Commodities / Gold and Silver 2010 Oct 15, 2010 - 12:01 PM GMT

By: Zeal_LLC


Diamond Rated - Best Financial Markets Analysis ArticleGold’s relentless climb to new record highs is driving a renaissance of investor interest in junior gold stocks.  This fascinating subsector amplifies investing’s usual risk-reward equation to breathtaking extremes.  While the great majority of junior golds will end up worthless, the few that strike it big enjoy some of the largest gains ever seen in the financial markets.  We’re talking 100x+ returns!

There are many hundreds of these small explorers scouring the planet today for the next great gold deposit.  Other than a little fraction with small-scale mining operations, junior golds have no internally-generated cashflows.  Their business model is so bleak banks almost never give them loans.  Their only source of sustenance to maintain exploration activities is from issuing new shares to stock investors.

The risks borne by these brave stock investors are staggering.  Even with today’s stellar gold prices, even if a particular junior is lucky enough to find a sizable deposit, it usually takes around a decade to bring a new gold mine into production.  And though exploration is very expensive for these little companies, development costs are orders of magnitude higher.  The odds are overwhelmingly stacked against juniors.

Even elite market-darling juniors, with wide investor followings, are not immune from these colossal risks.  A case in point is NovaGold, with its massive world-class deposits that have long earned it universal adoration.  In November 2007, it shocked investors with a stunning announcement that it was suspending construction of its new flagship mine just 6 months after it started.  On open the morning after this bombshell hit, its stock gapped down 27%.  It ultimately plummeted 53% that single day on 20x normal volume!  Junior golds are never for the faint of heart.
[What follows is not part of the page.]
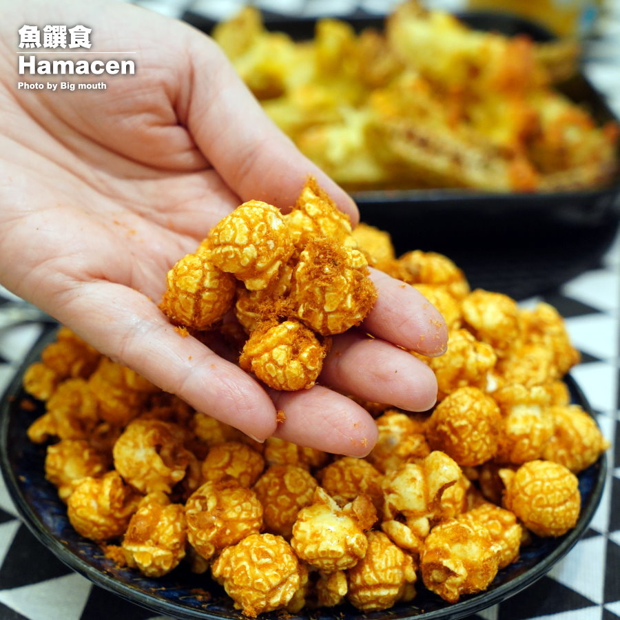 ▼採用頂級進口非基改玉米粒做成爆鬆球體,沒有人工添加物及農藥殘留,以最受歡迎的美式焦糖口味搭配自家捕獲頂級黃鰭鮪魚製成的魚鬆,吃起來鹹甜交錯、鬆脆爽口又不沾手,每一口都是幸福的夢幻滋味。

But amazingly, this sector’s enormous inherent risks aren’t the biggest challenge for investors.  A far bigger problem is refining the small pool of high-potential winners out of the great sea of dross destined to fail.  In the US and Canada alone, there are well over 500 publicly-traded junior gold stocks!  Even a superficial analysis demands several hours per junior, while serious analysis takes over a dozen hours per company.

Run these numbers, and an investor would have to devote between 1500 hours (9 months) and 6000 hours (3 years) to thoroughly explore today’s universe of junior golds!  Obviously such a crushing time cost is ludicrous, impossible for any individual investor to bear.  With no practical way to intelligently target their capital to high-potential junior golds, most investors understandably avoid this sector altogether.

But thanks to our wondrous new ETF era, investors now have a quick and easy way to get instant diversified exposure in some of the world’s best junior golds.  Nearly a year ago, Van Eck Global launched its GDXJ Junior Gold Miners ETF.  This symbol probably sounds familiar, because it apes Van Eck’s popular GDX Gold Miners ETF by adding a suffix of “J” for junior.  Having actively speculated in junior golds for a decade now with much success, I’ve been watching this young ETF with interest.

This week, GDXJ had $1.4b under management.  This may not sound like much with GDX commanding $7.4b, but in the tiny (capital-wise) world of juniors this is astounding.  Out of the 1100+ ETFs that trade in the States, the world’s biggest market for them by far, GDXJ already ranks in the top 10% in market-cap terms!  And its big brother GDX (launched much earlier in May 2006) is among the top 2%.  So these gold-stock ETFs have been wildly successful by any standard.

GDXJ is a huge boon for investors and junior gold companies alike.  On the investor front, GDXJ offers instant well-diversified exposure to an elite group of hand-picked junior gold stocks.  Instead of suffering through endless hours of highly-technical research, or even worse doing none and buying random juniors they happen to hear about, investors can now simply buy this ETF.  As I’ll discuss later, its custodians really are doing a pretty-good job of selecting high-potential juniors to invest in.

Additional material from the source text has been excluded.